# Anyone try burning any Mimosa?



## indiansprings (Dec 17, 2011)

This afternoon I've got to remove a big Mimosa tree for the MIL, it is fairly big three 16-24" trunks coming up out of a common base. It'll prolly make a cord or a little more. I've never heard anyone say how it burns, is it worth cutting up into firewood or is it the kind of wood you just need to block up throw on the trailer and haul to the burn pile. I sure don't want to sell it to a customer if it isn't any good. 
I guess I could always donate it to a needy family if it has any kind of heat value.


----------



## CTYank (Dec 17, 2011)

DAGS "mimosa wood properties" returned (among others):
Mimosa Wood Information | eHow.com

Read down a couple paragraphs.

Never have seen the stuff up here.


----------



## hardpan (Dec 17, 2011)

I have a few of them. I am at the northern edge of their temperament, a warm climate tree. Generally they flare out from near the ground into multiple limb/trunks. They grow very fast, almost like a weed making good shady areas to sit beneath. As fast as they grow I can't imagine them having much heat value. I would burn it myself but I burn almost anything. I would hesitate selling to a customer expecting to bank a good heating fire. Digging them out is a pain because they have a tap root second to none.


----------



## hardpan (Dec 17, 2011)

I just read the description above. According to that I might be able to heat with it and while sitting next to the fire I can take a trip and not even leave the farm. Talk about the ultimate campfire wood. LOL


----------



## PA. Woodsman (Dec 17, 2011)

I've burned it-it burns fast and doesn't throw much heat. I'd rate it a few notches above Poplar. I got some from the neighbor when Hurricane Irene cracked hers in half last Summer figuring I'd use some for kindling next year. It lights easy but is "quick hot and quick out".


----------



## wudpirat (Dec 17, 2011)

*Mimosa*

I had to cut one down in Shelton at my other place. It was close to forty feet with three trunks. The early snow in Oct. split it open.
The wood was hard about like Maple with an unusual color patern. Haven't tried to burn it yet, still too green.
The real sleeper in my wood pile is Palonia. Stuff is hard, splits reasonably, dries quick and burns great. The good part is nobody wants it, almost like Pine, it's considered junk wood. I have pulled some out of a swamp. the bark had slipped and the wood was soaked.
It had laid in that wet for mabe five years and not a sign of rot. Maple would have turned to punk.
As for the Mimosa, it will be added to my "mystery" wood pile and burned, wood is wood, it all burns. :smile2:

FREDM, The old wood pirate


----------



## indiansprings (Dec 17, 2011)

Thanks for the info guys, it looks like it will be "donation" wood. I'll give to family I know heats only with wood and has several kids, I kept them in wood last year for free. They needed the help, and they are very thankful for any kind of wood. In turn they kept me in eggs. Was a great trade as far as I'm concerned.


----------



## brewmonster (Dec 17, 2011)

CTYank said:


> DAGS "mimosa wood properties" returned (among others):
> Mimosa Wood Information | eHow.com
> 
> Read down a couple paragraphs.
> ...



Please understand that the plant discussed in that ehow article is _Mimosa hostilis_, a tropical tree. The thing we have here, commonly called mimosa, is_ Albizzia julibrissin_. Both are in the pea family, but are only superficially similar. "Silktree" would be a better common name for _Albizzia_.


----------



## Hank Chinaski (Dec 17, 2011)

never burned any, but I have been known to knock a few back, esp on vacation


----------



## ponyexpress976 (Dec 17, 2011)

indiansprings said:


> Thanks for the info guys, it looks like it will be "donation" wood. I'll give to family I know heats only with wood and has several kids, I kept them in wood last year for free. They needed the help, and they are very thankful for any kind of wood. In turn they kept me in eggs. Was a great trade as far as I'm concerned.

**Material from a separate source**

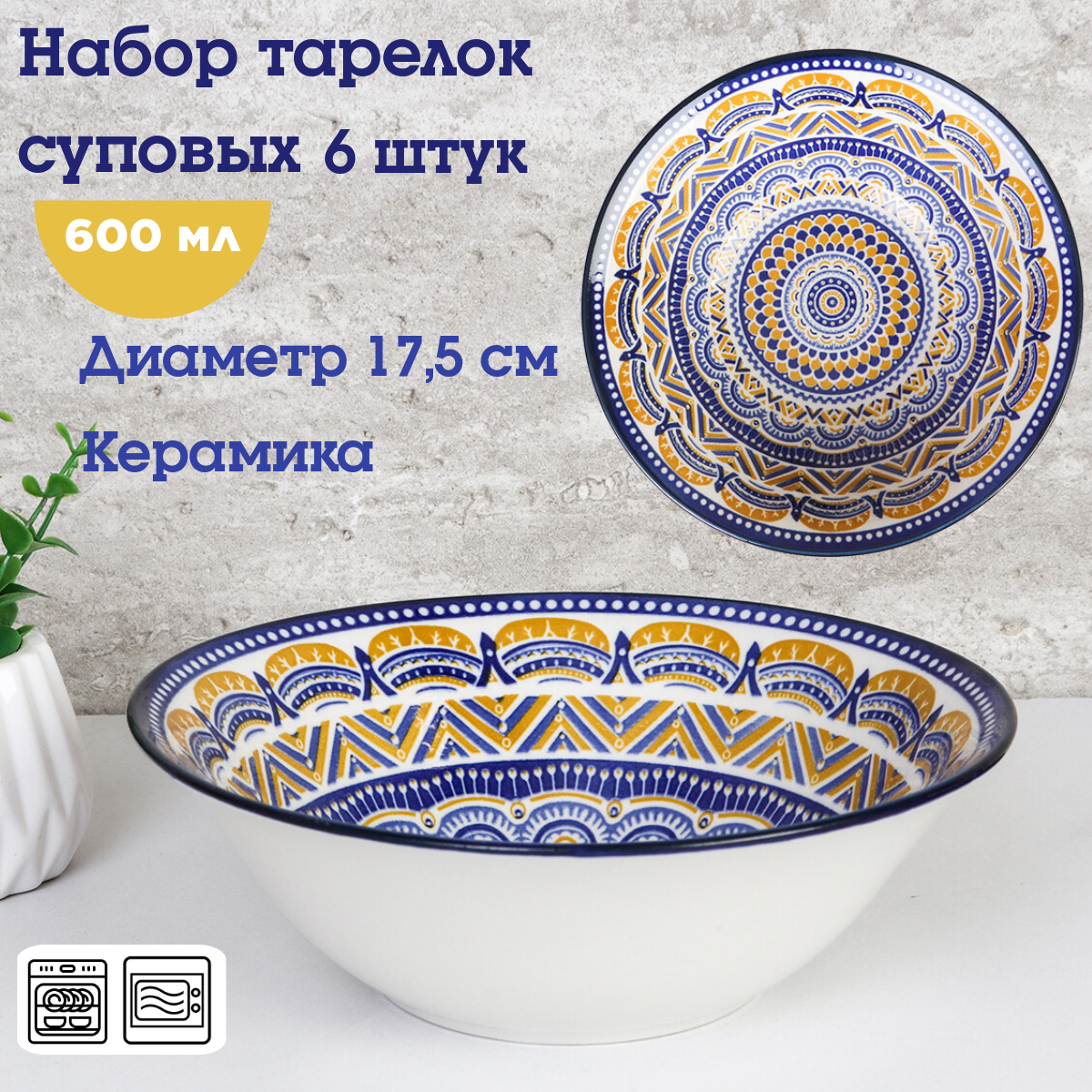 Купить Тарелка суповая глубокая 600 мл -6 штук в этническом стиле

Good for you keeping the less fortunate in mind! Gotta rep ya for it as soon as Im allowed to! That's why I love this site....bunch of people always looking out for the other guy.


----------



## Dalmatian90 (Dec 17, 2011)

As a general rule, I'd say any concoction of wine mixed with orange juice and served in a pitcher with ice and citrus slices will tend to not burn.


----------



## pajeepman (Apr 29, 2019)

Old Post, but how was anybody's experience burning mimosa. I got a bunch last week and just split it. Split really easy but I have a feeling it's not going to be the best firewood but it was free so it'll work.

Sent from my SM-J727P using Tapatalk


----------



## Samuel3rd (Nov 16, 2019)

Seasoned, it’s pretty mediocre. Low to mid heat, vague aroma, and pretty soft. I had quite a few I cut down, and I found that it’s best to mix it 50/50 with harder wood and “sandwich” the stack. A split 18” long 16” round log in a stove that’s already lit will burn for about an hour and a half (90mins) before it’s in a million pieces. If you mix it with hardwood it helps you to keep from stoking the fire as much falling apart in larger pieces over its burn time, thus keeping everything moving for an even burn. I actually use some greener pieces from time to time to cool the stove slowly during the day. It doesn’t produce as much buildup or smoke as other green woods being burnt that I’ve used (birch, poplar, locust, sweetgum, maple, hickory, and oak) so I’ve kind of grown to like it in that regard. This is my experience over 18 months and just what I’ve noticed. Definitely don’t hesitate if it’s free


----------